Pantau - Sekretaris Komisi E DPRD DKI Jakarta, Justin Adrian Untayana, mengusulkan agar Pemerintah Provinsi (Pemprov) DKI Jakarta mengevaluasi bahkan mencabut bantuan sosial (bansos) untuk keluarga yang anggotanya terbukti terlibat tawuran.
Usulan ini disampaikan sebagai langkah tegas untuk menekan maraknya aksi tawuran yang kembali mencuat di Jakarta pada awal tahun 2026.
"Tawuran ini adalah perilaku yang menular. Karena itu, setiap keluarga harus berperan aktif untuk memastikan anggotanya tidak menjadi pelaku tawuran," ungkap Justin.
Awal Tahun Diwarnai Gelombang Tawuran
Justin menyebut bahwa dalam dua hari berturut-turut di awal Januari 2026, terjadi gelombang tawuran di sejumlah titik di Jakarta.
Beberapa lokasi yang disorot antara lain Manggarai, Klender, dan Ciracas.
Ia menilai fenomena ini mencerminkan kurangnya kepedulian keluarga dalam mendidik dan mengawasi anggotanya agar tidak terlibat dalam aksi kekerasan.
"Pemprov DKI perlu menunjukkan ketegasan. Masalah ini sudah terjadi berulangkali dan semakin larut tanpa adanya serangkaian solusi konkret yang bisa menyelesaikannya secara tuntas," ujarnya.
Justin mengusulkan agar Dinas Sosial DKI Jakarta melakukan evaluasi menyeluruh terhadap penerima bansos, khususnya keluarga yang diketahui anggotanya ikut dalam tawuran.

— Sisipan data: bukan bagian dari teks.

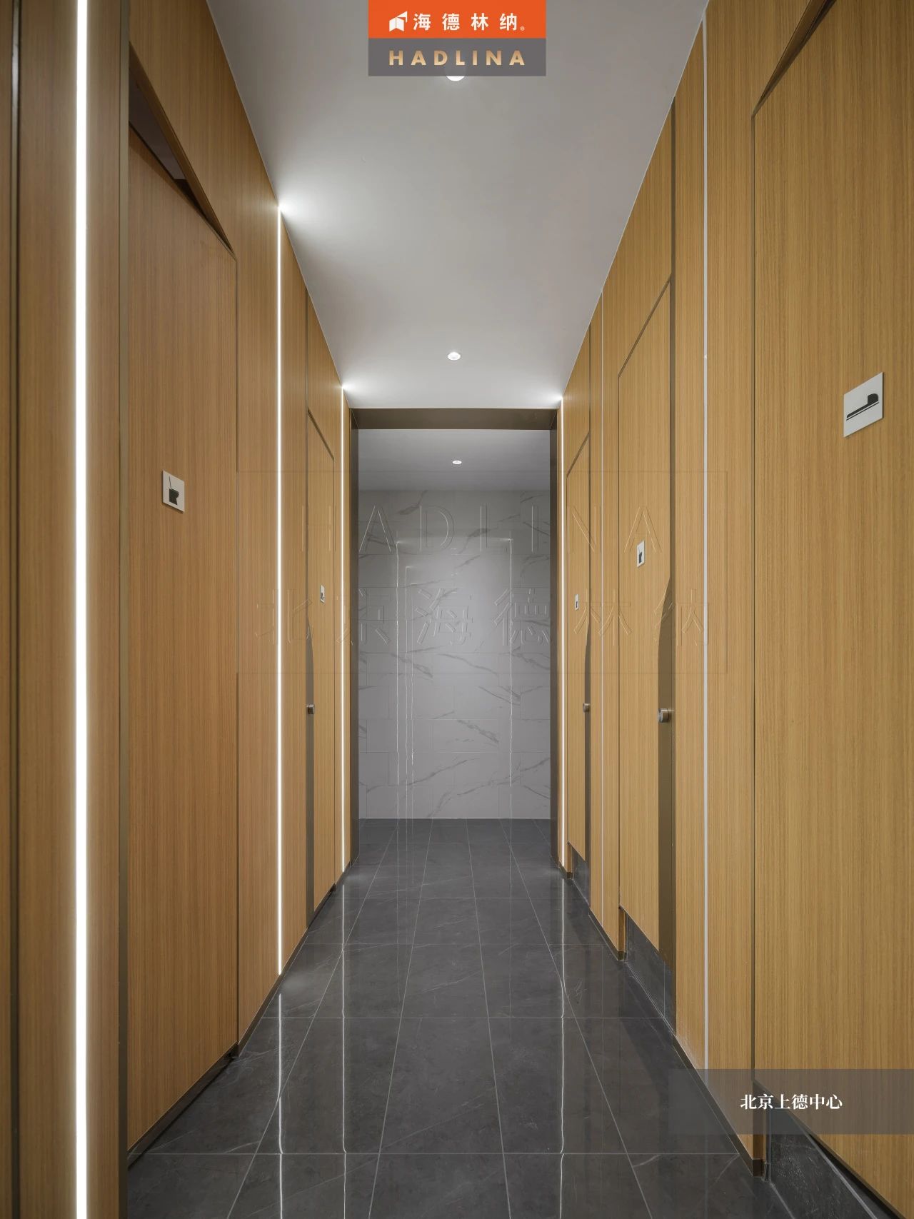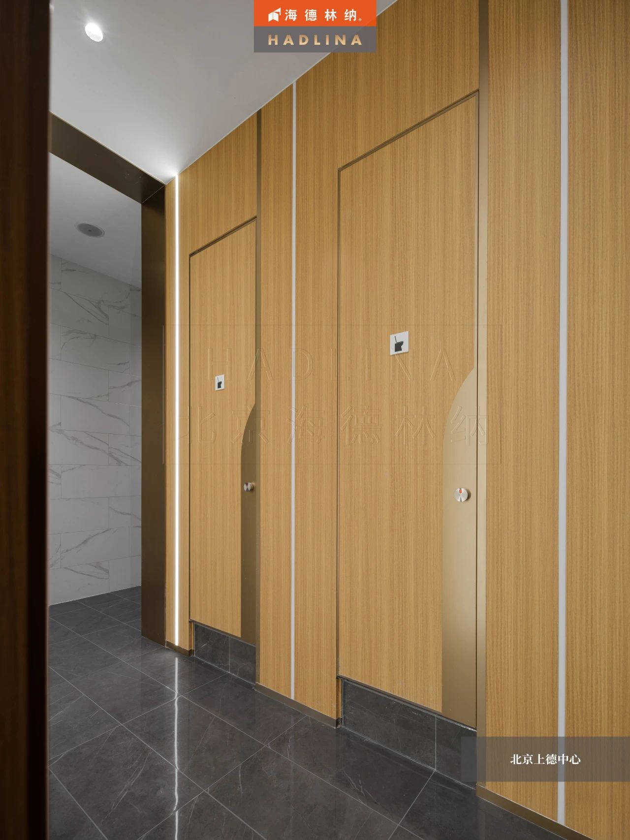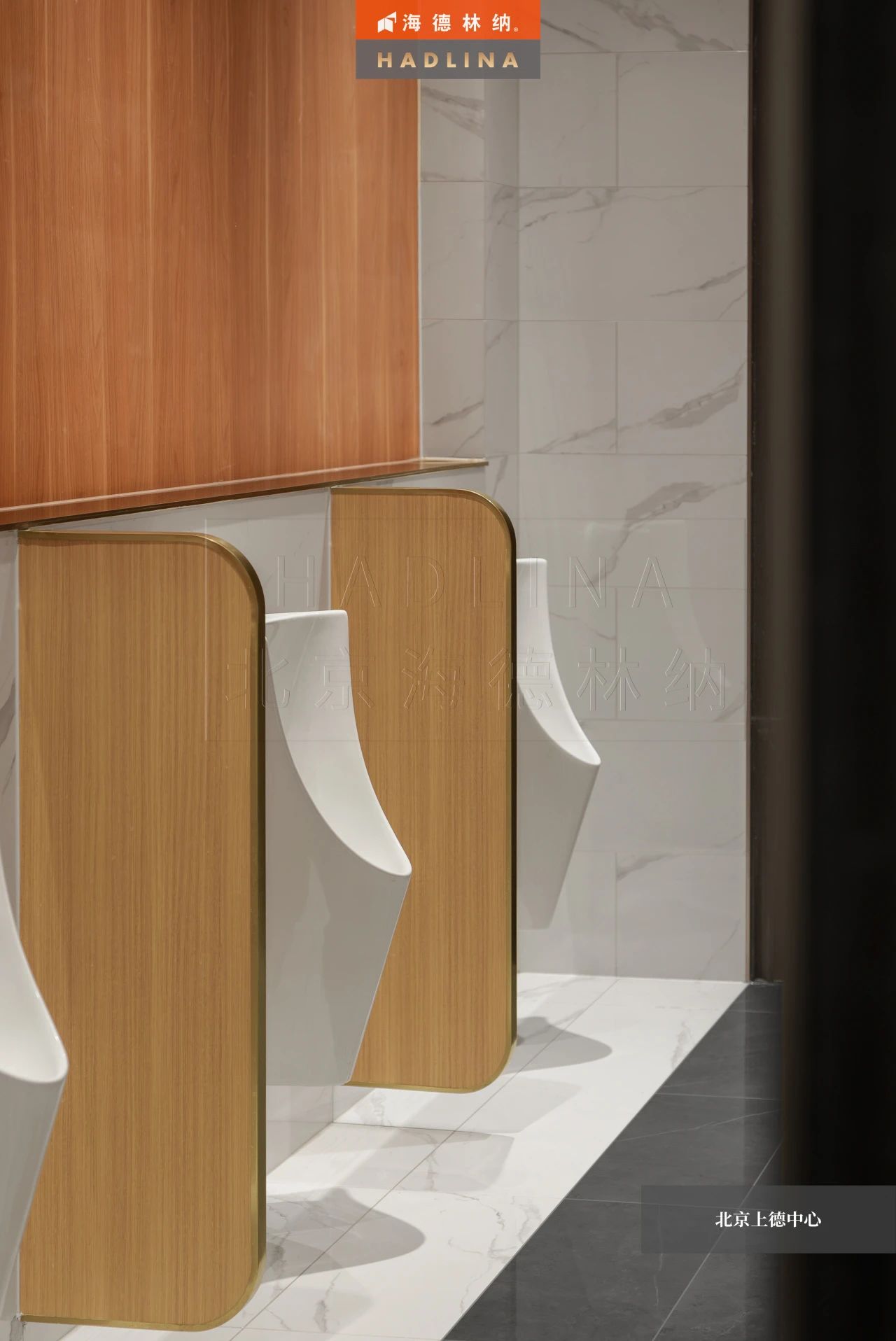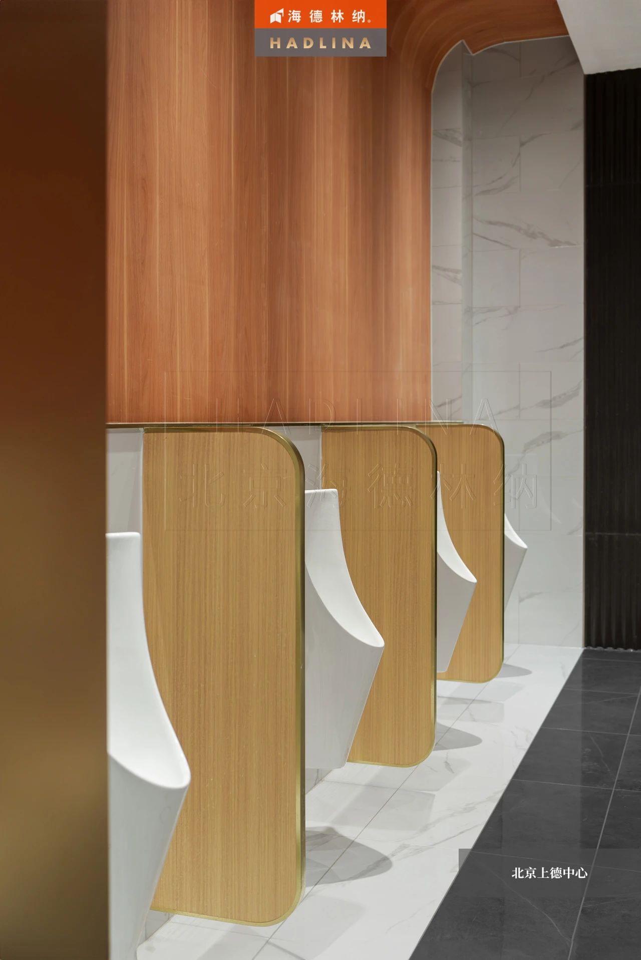 顏色是我們對環境產生直接感受的元素之一。在北京上德中心的公共衛生隔斷中,選擇了海德林納?HD-109款式,顏色為沙漠之橡作為主要顏色,為整個空間注入了溫暖和舒適的氛圍。此款隔斷紋理自然,質感真實,搭配上黑色地板,將現代的元素融入其中,給整個公共空間帶來了一種獨特的時尚感。

Ia menilai selama ini tidak ada sanksi nyata bagi keluarga pelaku, sehingga banyak yang bersikap abai.
Kritik Terhadap Penanganan yang Terlalu Lunak
Menurut Justin, pendekatan penanganan pelaku tawuran masih terlalu lunak.
Ia menyoroti bahwa pelaku yang ditangkap hanya dikembalikan kepada orang tua secara simbolis, tanpa efek jera yang nyata.
"Bansos ini adalah keringat rakyat Jakarta. Sebaiknya tidak diberikan kepada mereka yang tidak berpartisipasi menjadi warga Jakarta yang baik," tegasnya.
Sebelumnya, polisi sempat menggunakan gas air mata untuk membubarkan aksi tawuran di kawasan Terowongan Manggarai, Jalan Dr Soepomo, Tebet, Jakarta Selatan, pada Jumat (2/1) sekitar pukul 15.00 WIB.
"Iya pakai gas air mata biar cepat bubar," ujar petugas kepolisian di lokasi.
Tindakan tersebut diambil demi menjaga situasi tetap kondusif dan menghindari gangguan bagi pengguna jalan.
"Biar cepat bubar dan tidak mengganggu masyarakat pengguna jalan," tambahnya.